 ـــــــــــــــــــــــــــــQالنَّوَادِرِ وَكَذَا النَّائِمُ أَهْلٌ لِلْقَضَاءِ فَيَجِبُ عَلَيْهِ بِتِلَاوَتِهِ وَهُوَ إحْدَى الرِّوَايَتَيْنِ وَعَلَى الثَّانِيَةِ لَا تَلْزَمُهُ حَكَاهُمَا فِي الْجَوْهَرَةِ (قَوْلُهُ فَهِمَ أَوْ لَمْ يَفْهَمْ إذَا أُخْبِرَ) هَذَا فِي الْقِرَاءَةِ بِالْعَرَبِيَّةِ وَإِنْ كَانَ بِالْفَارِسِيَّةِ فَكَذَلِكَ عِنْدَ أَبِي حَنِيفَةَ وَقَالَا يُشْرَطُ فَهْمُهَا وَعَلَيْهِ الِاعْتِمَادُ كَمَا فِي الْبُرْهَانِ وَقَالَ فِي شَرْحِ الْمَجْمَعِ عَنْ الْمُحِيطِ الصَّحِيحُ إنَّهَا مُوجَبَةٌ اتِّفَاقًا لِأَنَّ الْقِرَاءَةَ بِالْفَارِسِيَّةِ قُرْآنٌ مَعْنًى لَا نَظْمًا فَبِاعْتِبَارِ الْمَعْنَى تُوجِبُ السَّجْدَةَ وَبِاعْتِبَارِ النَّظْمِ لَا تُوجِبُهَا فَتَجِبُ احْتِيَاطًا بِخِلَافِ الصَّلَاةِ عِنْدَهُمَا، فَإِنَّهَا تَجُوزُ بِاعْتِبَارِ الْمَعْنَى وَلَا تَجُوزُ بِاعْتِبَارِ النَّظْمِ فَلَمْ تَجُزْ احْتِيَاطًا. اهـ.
• • •
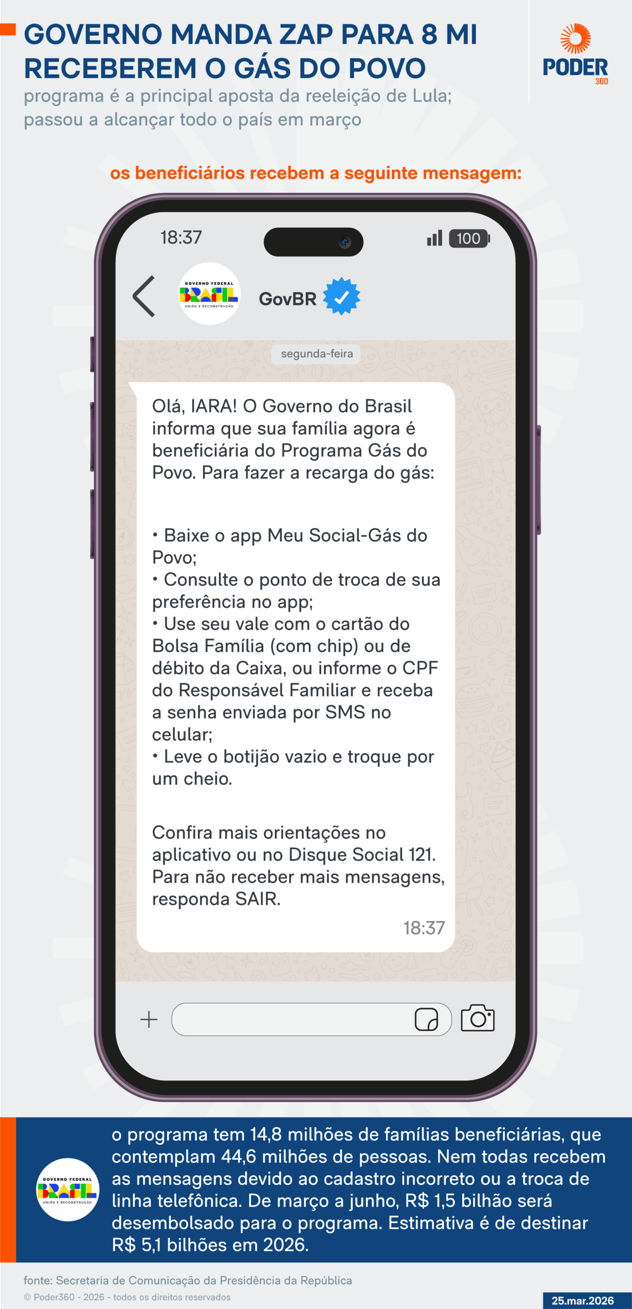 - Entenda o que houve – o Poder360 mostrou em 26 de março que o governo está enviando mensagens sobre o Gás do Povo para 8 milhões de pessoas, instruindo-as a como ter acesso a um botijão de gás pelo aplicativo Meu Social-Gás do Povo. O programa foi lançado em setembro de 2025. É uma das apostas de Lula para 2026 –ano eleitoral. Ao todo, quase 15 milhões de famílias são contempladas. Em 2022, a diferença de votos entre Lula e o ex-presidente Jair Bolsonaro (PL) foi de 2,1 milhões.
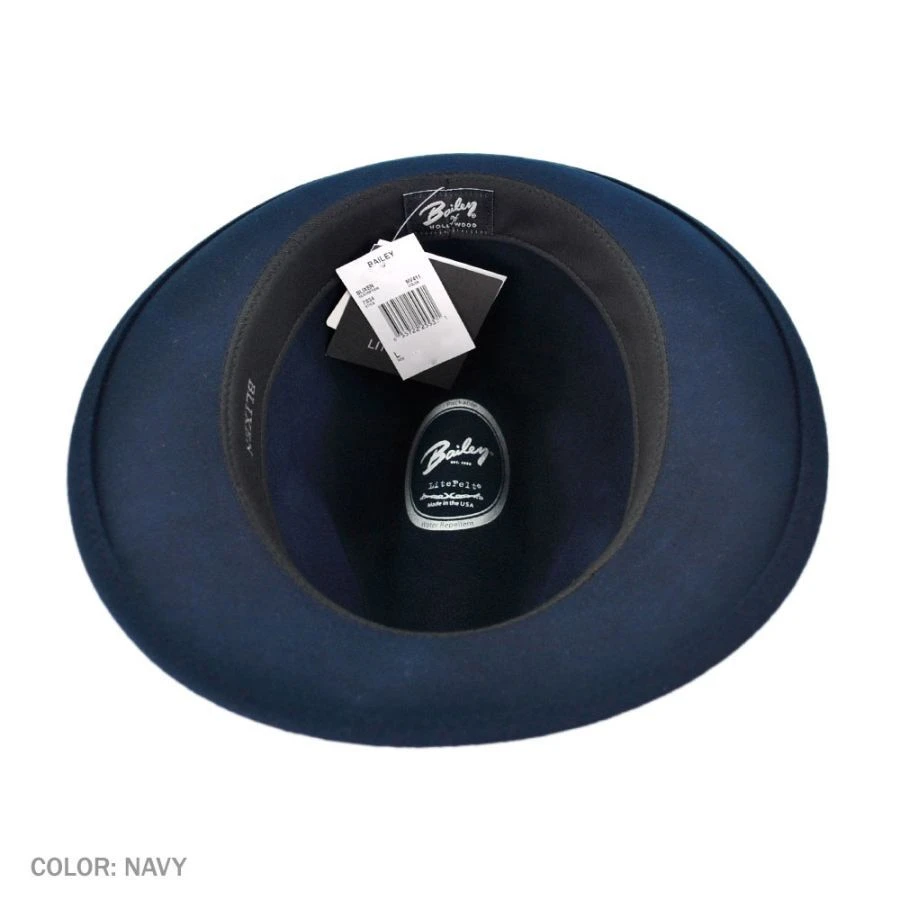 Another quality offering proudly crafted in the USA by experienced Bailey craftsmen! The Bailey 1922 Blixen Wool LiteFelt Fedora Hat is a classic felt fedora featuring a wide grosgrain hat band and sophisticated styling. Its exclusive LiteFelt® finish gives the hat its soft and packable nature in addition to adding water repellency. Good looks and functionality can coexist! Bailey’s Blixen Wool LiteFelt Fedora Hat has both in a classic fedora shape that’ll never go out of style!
• • •
**WORK INSTRUCTION**
Leaving out the pictures, please output the lines in the entries above from the one with "- Entenda o" through the one with "Another quality offering", exactly as they are.

**WRITTEN ANSWER**
 - Entenda o que houve – o Poder360 mostrou em 26 de março que o governo está enviando mensagens sobre o Gás do Povo para 8 milhões de pessoas, instruindo-as a como ter acesso a um botijão de gás pelo aplicativo Meu Social-Gás do Povo. O programa foi lançado em setembro de 2025. É uma das apostas de Lula para 2026 –ano eleitoral. Ao todo, quase 15 milhões de famílias são contempladas. Em 2022, a diferença de votos entre Lula e o ex-presidente Jair Bolsonaro (PL) foi de 2,1 milhões.
 Another quality offering proudly crafted in the USA by experienced Bailey craftsmen! The Bailey 1922 Blixen Wool LiteFelt Fedora Hat is a classic felt fedora featuring a wide grosgrain hat band and sophisticated styling. Its exclusive LiteFelt® finish gives the hat its soft and packable nature in addition to adding water repellency. Good looks and functionality can coexist! Bailey’s Blixen Wool LiteFelt Fedora Hat has both in a classic fedora shape that’ll never go out of style!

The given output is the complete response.